### DATA
◆ ◆ ◆ ◆
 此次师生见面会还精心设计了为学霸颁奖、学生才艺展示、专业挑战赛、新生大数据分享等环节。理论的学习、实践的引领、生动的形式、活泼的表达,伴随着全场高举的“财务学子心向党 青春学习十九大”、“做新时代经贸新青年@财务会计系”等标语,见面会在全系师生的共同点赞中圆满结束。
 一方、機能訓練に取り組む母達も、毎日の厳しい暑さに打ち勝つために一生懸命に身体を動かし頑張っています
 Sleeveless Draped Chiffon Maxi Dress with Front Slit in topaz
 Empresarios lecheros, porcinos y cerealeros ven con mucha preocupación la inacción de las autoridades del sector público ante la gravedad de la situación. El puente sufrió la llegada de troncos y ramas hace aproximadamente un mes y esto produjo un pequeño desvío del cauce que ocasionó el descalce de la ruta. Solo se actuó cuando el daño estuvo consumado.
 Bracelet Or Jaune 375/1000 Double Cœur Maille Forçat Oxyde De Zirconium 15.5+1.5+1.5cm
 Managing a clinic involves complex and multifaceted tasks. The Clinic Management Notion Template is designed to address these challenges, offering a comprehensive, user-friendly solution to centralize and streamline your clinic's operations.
◆ ◆ ◆ ◆
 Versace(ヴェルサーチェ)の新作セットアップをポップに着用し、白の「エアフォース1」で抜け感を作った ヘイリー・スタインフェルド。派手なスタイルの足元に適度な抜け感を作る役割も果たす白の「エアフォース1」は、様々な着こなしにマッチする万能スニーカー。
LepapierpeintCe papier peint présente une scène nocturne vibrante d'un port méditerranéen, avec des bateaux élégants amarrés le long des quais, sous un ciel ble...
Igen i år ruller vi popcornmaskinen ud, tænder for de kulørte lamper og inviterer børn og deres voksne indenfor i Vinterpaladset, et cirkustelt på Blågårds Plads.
◆ ◆ ◆ ◆
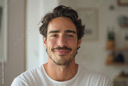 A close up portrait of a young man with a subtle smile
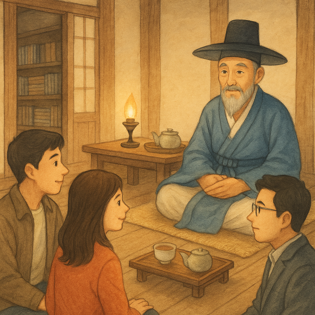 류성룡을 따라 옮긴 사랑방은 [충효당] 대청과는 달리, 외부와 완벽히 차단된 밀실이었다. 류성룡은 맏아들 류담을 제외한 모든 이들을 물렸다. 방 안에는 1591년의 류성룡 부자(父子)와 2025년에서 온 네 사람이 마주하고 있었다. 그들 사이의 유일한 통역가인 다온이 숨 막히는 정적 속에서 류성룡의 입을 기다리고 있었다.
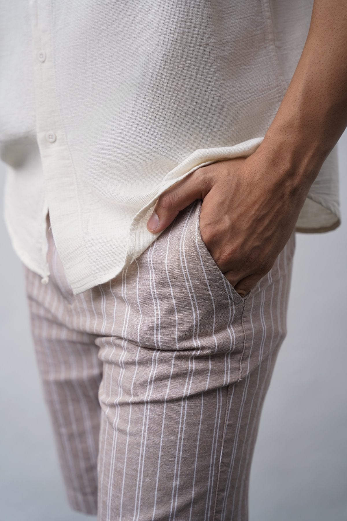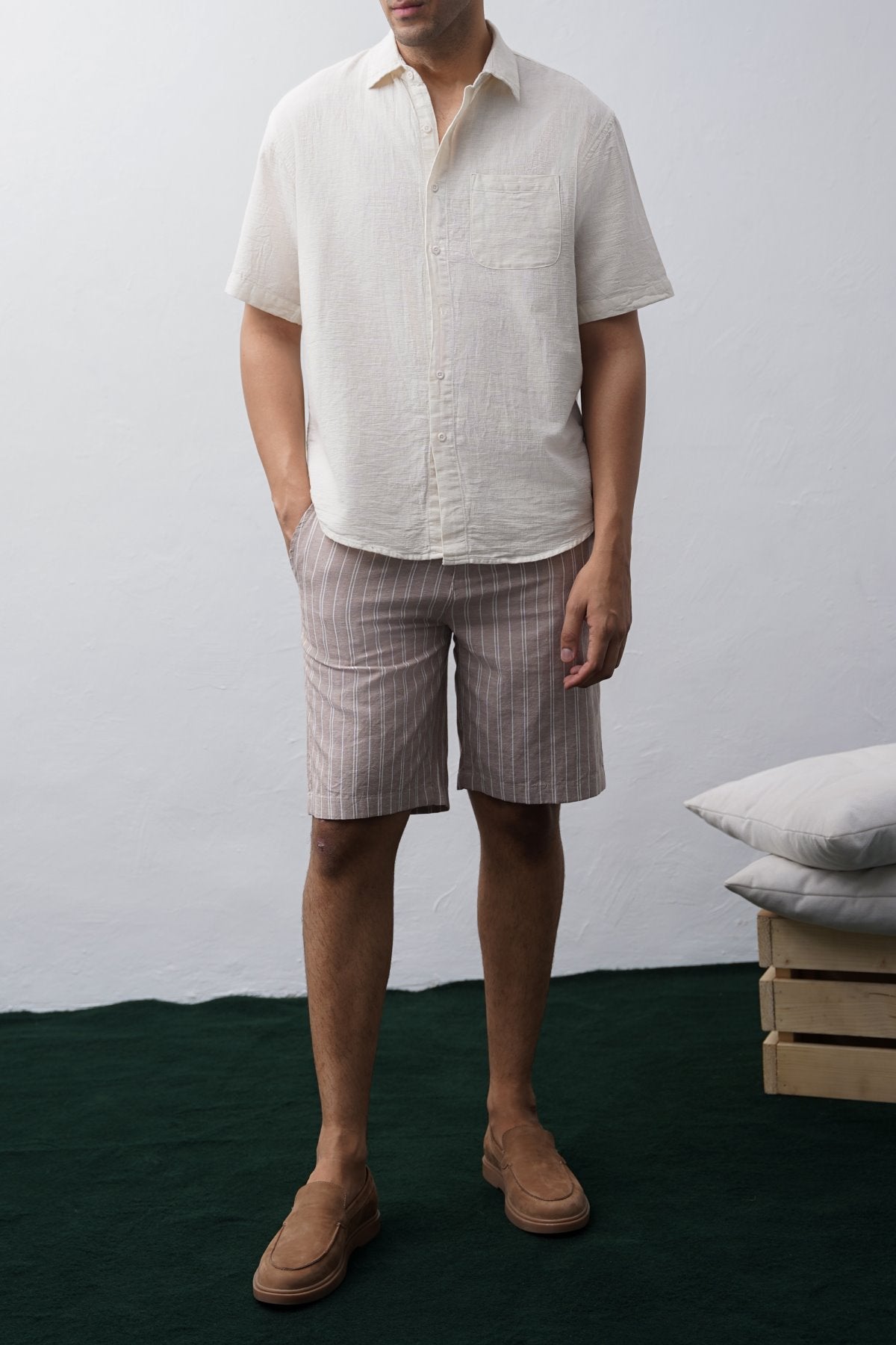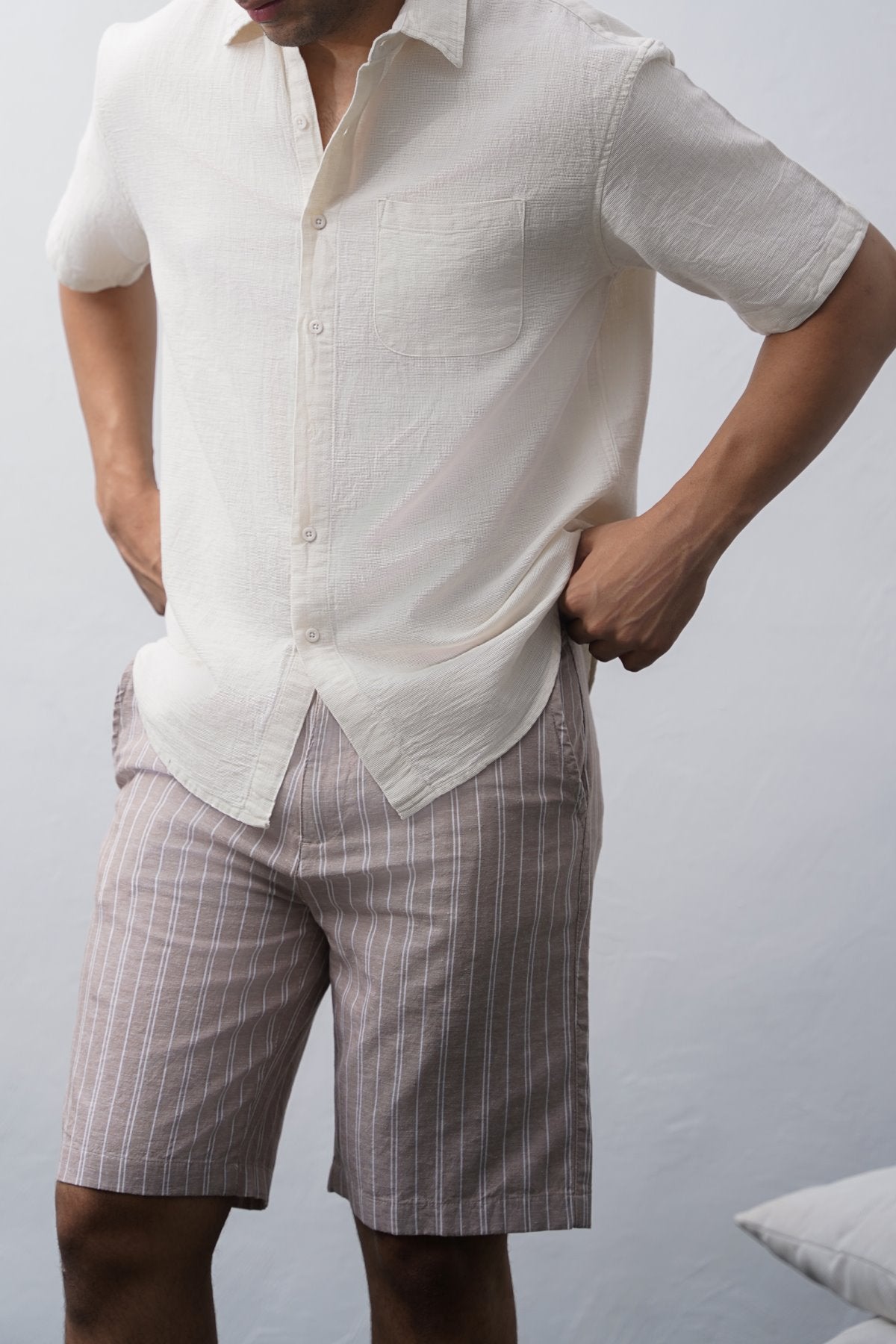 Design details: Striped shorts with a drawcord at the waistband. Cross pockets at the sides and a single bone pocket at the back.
◆ ◆ ◆ ◆
### PROBLEM TO SOLVE
Could you repeat, exactly, only the lines above starting at the one that has "류성룡을 따라 옮긴 사랑방은" and stopping after the one that has "Design details: Striped", without the pictures?

### YOUR RESPONSE
 류성룡을 따라 옮긴 사랑방은 [충효당] 대청과는 달리, 외부와 완벽히 차단된 밀실이었다. 류성룡은 맏아들 류담을 제외한 모든 이들을 물렸다. 방 안에는 1591년의 류성룡 부자(父子)와 2025년에서 온 네 사람이 마주하고 있었다. 그들 사이의 유일한 통역가인 다온이 숨 막히는 정적 속에서 류성룡의 입을 기다리고 있었다.
 Design details: Striped shorts with a drawcord at the waistband. Cross pockets at the sides and a single bone pocket at the back.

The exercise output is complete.